ABOUT THIS TASK: What is the count of lines in the data that hold the string "Friday"? State the number alone.

[Opening GIVEN INFORMATION section]

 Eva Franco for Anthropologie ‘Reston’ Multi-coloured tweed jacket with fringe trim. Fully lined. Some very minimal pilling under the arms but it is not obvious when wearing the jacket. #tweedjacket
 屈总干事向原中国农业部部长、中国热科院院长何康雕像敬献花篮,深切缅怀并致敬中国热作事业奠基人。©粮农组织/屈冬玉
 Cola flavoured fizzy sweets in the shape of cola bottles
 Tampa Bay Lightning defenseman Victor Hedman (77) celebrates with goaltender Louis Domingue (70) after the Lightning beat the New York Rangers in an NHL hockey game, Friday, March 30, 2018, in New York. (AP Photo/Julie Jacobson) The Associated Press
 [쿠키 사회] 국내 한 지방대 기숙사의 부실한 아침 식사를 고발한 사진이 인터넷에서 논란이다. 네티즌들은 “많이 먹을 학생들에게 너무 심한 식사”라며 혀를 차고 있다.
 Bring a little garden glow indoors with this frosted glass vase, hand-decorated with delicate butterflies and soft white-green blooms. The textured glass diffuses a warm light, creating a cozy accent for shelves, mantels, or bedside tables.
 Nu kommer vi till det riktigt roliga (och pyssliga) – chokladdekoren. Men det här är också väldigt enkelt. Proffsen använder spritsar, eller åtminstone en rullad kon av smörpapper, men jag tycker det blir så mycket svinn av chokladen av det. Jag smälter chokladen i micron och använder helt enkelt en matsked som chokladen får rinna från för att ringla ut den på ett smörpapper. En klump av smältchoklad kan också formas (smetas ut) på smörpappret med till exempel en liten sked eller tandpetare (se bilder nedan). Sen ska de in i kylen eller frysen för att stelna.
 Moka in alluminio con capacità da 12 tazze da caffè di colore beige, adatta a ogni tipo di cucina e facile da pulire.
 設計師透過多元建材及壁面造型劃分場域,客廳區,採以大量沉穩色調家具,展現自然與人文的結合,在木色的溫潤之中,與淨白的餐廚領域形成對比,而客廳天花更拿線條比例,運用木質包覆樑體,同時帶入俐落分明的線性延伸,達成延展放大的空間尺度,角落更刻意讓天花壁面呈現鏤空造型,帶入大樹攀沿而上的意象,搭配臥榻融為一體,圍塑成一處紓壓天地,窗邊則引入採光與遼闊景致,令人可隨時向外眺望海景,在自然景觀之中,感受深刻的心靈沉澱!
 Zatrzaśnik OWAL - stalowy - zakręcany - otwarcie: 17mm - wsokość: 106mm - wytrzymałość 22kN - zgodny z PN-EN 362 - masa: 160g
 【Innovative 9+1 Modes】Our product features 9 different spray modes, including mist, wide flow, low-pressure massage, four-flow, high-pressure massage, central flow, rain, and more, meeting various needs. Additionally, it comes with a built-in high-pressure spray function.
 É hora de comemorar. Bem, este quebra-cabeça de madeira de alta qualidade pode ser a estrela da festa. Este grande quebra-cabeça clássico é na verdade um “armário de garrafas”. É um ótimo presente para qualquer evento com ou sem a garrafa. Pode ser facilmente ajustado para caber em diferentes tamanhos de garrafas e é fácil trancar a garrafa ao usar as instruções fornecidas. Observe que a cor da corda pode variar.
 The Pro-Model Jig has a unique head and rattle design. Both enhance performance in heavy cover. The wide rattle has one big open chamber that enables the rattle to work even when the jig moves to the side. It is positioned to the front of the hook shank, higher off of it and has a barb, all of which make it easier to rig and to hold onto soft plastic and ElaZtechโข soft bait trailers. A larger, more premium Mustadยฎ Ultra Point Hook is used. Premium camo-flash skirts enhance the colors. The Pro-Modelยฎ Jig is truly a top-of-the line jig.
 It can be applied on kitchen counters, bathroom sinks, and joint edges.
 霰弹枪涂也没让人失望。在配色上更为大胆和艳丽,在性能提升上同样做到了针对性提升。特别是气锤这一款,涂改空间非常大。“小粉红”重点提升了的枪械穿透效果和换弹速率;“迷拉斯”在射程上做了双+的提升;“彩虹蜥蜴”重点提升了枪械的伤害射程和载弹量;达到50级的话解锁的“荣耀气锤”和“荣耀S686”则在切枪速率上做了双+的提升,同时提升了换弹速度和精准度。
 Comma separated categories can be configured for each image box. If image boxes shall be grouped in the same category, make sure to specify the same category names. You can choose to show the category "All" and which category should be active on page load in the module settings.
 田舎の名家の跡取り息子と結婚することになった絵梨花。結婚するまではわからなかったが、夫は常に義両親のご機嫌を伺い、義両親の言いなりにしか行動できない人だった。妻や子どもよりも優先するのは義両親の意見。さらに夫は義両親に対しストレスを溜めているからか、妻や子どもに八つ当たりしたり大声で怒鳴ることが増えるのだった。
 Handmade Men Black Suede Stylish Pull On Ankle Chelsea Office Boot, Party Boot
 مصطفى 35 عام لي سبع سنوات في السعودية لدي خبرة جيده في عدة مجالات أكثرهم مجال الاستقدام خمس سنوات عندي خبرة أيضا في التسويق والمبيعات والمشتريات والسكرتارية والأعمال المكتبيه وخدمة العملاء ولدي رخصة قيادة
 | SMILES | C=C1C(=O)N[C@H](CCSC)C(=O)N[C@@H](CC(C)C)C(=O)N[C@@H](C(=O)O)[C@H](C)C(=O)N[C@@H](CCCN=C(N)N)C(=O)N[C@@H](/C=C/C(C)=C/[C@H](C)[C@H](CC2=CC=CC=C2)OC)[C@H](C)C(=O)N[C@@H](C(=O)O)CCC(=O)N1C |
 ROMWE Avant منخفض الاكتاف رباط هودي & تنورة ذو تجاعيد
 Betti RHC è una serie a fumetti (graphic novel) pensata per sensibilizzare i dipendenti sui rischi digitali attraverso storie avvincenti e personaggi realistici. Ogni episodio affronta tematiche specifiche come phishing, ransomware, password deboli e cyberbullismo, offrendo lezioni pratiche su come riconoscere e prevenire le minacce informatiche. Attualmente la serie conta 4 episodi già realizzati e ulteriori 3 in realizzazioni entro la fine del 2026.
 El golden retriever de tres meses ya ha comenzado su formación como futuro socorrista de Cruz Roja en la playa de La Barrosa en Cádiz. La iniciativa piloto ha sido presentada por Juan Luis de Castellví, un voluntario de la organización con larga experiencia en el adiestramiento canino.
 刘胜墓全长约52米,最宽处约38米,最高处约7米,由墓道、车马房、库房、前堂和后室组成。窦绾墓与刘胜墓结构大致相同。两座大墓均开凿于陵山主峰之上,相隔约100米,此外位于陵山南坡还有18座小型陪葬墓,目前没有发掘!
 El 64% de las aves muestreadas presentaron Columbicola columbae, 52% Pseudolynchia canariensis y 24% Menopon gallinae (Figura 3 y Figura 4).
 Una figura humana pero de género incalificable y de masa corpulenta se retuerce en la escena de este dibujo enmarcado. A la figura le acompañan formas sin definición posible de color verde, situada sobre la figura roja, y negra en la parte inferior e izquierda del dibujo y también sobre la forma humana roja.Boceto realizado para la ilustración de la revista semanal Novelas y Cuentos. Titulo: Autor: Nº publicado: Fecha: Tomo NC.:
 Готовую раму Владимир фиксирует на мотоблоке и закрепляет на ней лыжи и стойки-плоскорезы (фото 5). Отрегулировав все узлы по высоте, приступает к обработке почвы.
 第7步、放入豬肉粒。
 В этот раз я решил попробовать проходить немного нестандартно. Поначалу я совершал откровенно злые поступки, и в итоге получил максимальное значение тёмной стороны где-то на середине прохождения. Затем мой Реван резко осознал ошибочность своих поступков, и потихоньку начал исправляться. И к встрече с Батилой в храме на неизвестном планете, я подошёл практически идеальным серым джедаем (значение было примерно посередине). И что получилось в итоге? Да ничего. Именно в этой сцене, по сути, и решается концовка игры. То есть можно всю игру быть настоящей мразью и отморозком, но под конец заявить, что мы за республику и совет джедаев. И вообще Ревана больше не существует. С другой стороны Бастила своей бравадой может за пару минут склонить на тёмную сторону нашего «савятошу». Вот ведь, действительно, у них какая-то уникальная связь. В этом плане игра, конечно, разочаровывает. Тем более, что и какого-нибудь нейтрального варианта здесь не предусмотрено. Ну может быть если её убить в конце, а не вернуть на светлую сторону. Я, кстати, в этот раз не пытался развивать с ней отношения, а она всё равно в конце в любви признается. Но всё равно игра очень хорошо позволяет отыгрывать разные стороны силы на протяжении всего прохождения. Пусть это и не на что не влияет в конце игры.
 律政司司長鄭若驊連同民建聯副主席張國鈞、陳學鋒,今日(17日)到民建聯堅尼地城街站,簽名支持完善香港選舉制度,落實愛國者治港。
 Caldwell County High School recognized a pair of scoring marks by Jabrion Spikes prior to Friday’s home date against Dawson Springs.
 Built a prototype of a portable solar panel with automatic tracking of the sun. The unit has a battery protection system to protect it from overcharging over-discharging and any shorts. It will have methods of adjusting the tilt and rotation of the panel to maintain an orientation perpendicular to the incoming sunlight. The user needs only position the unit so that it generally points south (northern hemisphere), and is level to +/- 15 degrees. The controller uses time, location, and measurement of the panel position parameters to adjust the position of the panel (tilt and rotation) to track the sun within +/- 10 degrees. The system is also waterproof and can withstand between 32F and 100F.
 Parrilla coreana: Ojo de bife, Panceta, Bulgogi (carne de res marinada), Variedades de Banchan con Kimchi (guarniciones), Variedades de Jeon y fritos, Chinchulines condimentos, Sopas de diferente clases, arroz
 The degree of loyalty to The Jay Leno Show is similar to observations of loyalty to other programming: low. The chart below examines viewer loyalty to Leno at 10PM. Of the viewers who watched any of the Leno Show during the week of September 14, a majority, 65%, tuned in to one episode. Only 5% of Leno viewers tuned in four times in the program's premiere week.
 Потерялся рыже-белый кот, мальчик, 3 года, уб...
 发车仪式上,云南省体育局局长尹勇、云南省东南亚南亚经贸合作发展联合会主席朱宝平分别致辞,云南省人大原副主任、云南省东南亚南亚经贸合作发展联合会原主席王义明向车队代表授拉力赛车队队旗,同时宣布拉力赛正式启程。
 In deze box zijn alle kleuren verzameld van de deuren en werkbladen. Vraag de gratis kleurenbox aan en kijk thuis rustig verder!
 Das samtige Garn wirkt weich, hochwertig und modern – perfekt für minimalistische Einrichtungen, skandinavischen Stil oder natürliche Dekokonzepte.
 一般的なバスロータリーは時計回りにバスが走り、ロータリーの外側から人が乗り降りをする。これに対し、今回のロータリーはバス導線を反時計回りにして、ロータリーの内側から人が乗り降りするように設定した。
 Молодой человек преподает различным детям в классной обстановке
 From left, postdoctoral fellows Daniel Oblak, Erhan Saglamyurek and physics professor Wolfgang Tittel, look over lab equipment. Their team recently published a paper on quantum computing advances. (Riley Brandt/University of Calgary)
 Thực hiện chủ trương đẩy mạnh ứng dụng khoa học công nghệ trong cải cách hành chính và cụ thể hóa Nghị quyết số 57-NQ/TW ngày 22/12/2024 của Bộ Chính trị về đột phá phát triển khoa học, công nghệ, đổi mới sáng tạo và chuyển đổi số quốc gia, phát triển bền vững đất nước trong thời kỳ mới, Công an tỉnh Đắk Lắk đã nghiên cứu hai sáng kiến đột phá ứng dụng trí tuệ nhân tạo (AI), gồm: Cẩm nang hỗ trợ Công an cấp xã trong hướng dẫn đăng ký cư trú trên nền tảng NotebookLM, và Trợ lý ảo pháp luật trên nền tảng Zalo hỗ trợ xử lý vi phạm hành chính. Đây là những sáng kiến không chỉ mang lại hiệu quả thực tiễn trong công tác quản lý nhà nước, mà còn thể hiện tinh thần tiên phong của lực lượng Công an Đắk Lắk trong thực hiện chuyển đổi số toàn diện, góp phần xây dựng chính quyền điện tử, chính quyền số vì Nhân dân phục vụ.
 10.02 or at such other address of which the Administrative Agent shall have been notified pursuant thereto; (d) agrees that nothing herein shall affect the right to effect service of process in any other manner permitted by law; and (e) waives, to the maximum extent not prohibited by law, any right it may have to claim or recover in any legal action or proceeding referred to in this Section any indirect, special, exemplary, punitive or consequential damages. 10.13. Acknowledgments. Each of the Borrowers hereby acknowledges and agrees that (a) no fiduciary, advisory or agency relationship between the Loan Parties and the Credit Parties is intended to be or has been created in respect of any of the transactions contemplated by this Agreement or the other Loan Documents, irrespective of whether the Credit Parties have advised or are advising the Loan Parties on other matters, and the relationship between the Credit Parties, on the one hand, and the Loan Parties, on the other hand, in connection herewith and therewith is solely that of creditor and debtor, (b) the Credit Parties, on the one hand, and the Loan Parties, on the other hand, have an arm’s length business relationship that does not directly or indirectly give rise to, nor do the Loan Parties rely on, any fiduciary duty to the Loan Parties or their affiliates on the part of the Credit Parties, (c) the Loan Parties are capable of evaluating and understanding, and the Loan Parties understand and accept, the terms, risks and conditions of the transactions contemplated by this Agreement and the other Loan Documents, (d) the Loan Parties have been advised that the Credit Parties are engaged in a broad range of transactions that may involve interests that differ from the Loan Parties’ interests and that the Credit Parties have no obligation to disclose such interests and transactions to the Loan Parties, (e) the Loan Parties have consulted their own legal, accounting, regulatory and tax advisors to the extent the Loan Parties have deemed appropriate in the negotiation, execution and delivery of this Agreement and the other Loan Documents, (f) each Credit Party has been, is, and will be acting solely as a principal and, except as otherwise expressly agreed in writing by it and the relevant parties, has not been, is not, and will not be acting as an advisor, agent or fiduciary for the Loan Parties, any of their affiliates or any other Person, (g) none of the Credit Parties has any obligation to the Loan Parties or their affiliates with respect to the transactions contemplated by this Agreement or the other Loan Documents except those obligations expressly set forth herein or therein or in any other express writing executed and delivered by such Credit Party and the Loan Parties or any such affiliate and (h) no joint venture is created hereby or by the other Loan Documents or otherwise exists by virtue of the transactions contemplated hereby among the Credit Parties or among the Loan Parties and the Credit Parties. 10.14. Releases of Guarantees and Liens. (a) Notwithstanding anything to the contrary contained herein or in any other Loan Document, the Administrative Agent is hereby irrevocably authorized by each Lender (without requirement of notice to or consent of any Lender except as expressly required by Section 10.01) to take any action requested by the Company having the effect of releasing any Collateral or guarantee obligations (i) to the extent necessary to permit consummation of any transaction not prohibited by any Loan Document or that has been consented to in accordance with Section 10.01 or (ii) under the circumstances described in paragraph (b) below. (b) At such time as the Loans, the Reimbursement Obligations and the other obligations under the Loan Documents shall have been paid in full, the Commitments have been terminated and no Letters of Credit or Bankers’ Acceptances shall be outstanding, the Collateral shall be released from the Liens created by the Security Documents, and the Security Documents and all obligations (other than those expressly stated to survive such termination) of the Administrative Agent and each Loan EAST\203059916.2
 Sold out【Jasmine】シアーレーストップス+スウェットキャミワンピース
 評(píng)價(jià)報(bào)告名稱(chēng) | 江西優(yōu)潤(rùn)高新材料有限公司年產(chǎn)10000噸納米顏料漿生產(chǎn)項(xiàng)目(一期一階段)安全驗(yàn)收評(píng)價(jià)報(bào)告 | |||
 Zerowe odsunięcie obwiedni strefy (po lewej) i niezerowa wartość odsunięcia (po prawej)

[Closing GIVEN INFORMATION section]

RESULT FOR THIS TASK: 2